5. Technology Analysis
   a. Mechanical
   b. Electronic
   c. Algorithms 
   d. Software
   e. Chemical
    f. Biological
6. Network Diagram & Gantt chart (Time & Human Resource)
   a. Major activities/milestones
   b. Dependence
   c. Task/resource assignment
   d. Current status
7. Material Resource (Highlight Items Need Purchase)
   a. Tools
   b. Materials
   c. Software
   d. Equipment
8. Progress
   a. Learning progress
   b. Failed experiments
   c. Project achievements
   d. Demonstrations
9. Problems
   a. Technical issues
   b. Resource issues (time, human, material)
10. Safety/Risks Management
   a. Potential show stopper

   b. Safety issues.
   c. Backup plan
11. References
   a. Books/magazines
   b. Video tutorials
   c. Websites
   d. Papers from professional journals
   e. Thesis/dissertations


Project team members should coordinate with each other to create a seamless presentation. Every group member should have the equal opportunity to present/demo. Group and individual performance will be evaluated by peers and teacher.

Good luck!

Tuesday, September 13, 2016

STEM Seminar

We are going to have our first STEM Seminar this coming Thursday (9/15) and next Monday (9/19). Each team should prepare to present a key topic of your research field in depth based on both your study and research experience. The contents should be informative and educational to the class. The presentation should be no longer than 12 minutes (including 2 minutes for questions). You are encouraged to use PowerPoint, videos, demonstrations and handouts to help the class understand and grasp the new materials in a short time. Presentation materials should be in professional quality: concise, accurate, logical, rich in contents, and visually pleasant.

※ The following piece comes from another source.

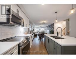 Rarely offered 4+2 bedroom, 4 full bath freehold townhome in a sought-after West End Peterborough community. This unique property offers exceptional multi-generational living potential with a fully finished basement featuring a kitchenette (outlet for stove) OR an upper-level retreat with 2 bedrooms, 4pc bath and family room. A true unicorn! The sun-filled open concept main floor features luxury vinyl plank flooring, neutral décor, an inviting family room with feature wall and walk-out to the entertainers deck and fully fenced backyard. The upgraded kitchen includes quartz countertops, centre island with breakfast bar, pendant lighting, subway tile backsplash, stainless steel appliances and a generous dining area. Main floor also offers a laundry room, 4pc bath and 2 spacious bedrooms including a primary with 3pc ensuite and walk-in closet. The upper level provides an additional 2 bedrooms, 4pc bath and separate family room-ideal for teens, guests or extended family. The fully finished basement includes 2 bedrooms, 4pc bath, a large rec room, above-grade windows and convenient kitchenette area. Parking for 4. Steps to schools including Fleming College, parks, transit and major amenities. Perfect for large families, investors or multi-generational living with over 2,750 sqft of upgraded living space! (id:50886)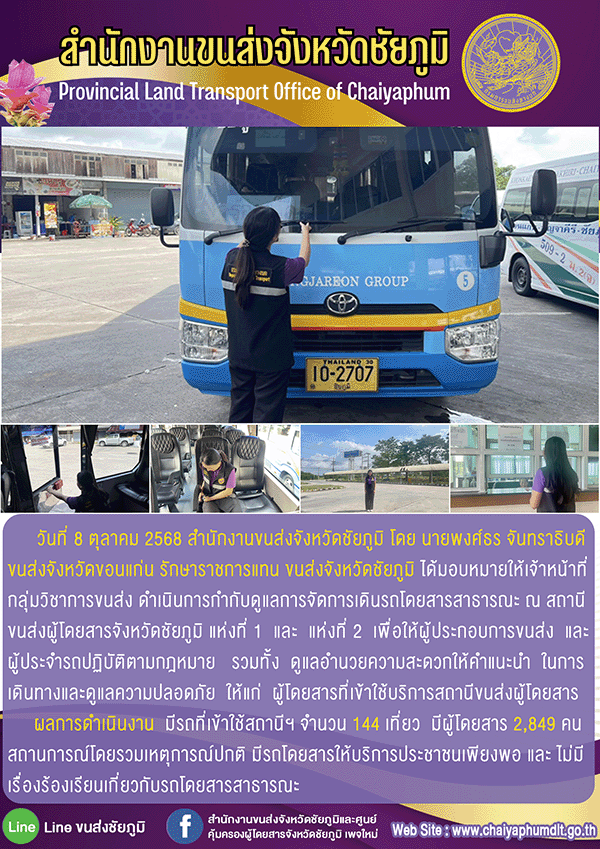 ดำเนินการกำกับ ดูแล การจัดการเดินรถโดยสารสาธารณะ ณ สถานีขนส่งผู้โดยสารจังหวัดชัยภูมิ

Please plan, coordinate, and rehearse your presentation in advance, and submit your topic by the end of Wednesday (9/14). The order of presentation will be announced before the presentation. If you need any special setup for your presentation, please notify Mr. Lin as soon as possible.
Once your team has finished your presentation, your presentation and multimedia files should be posted  onto your team blog. You can upload your file to Google Drive first and then share the link on your blog.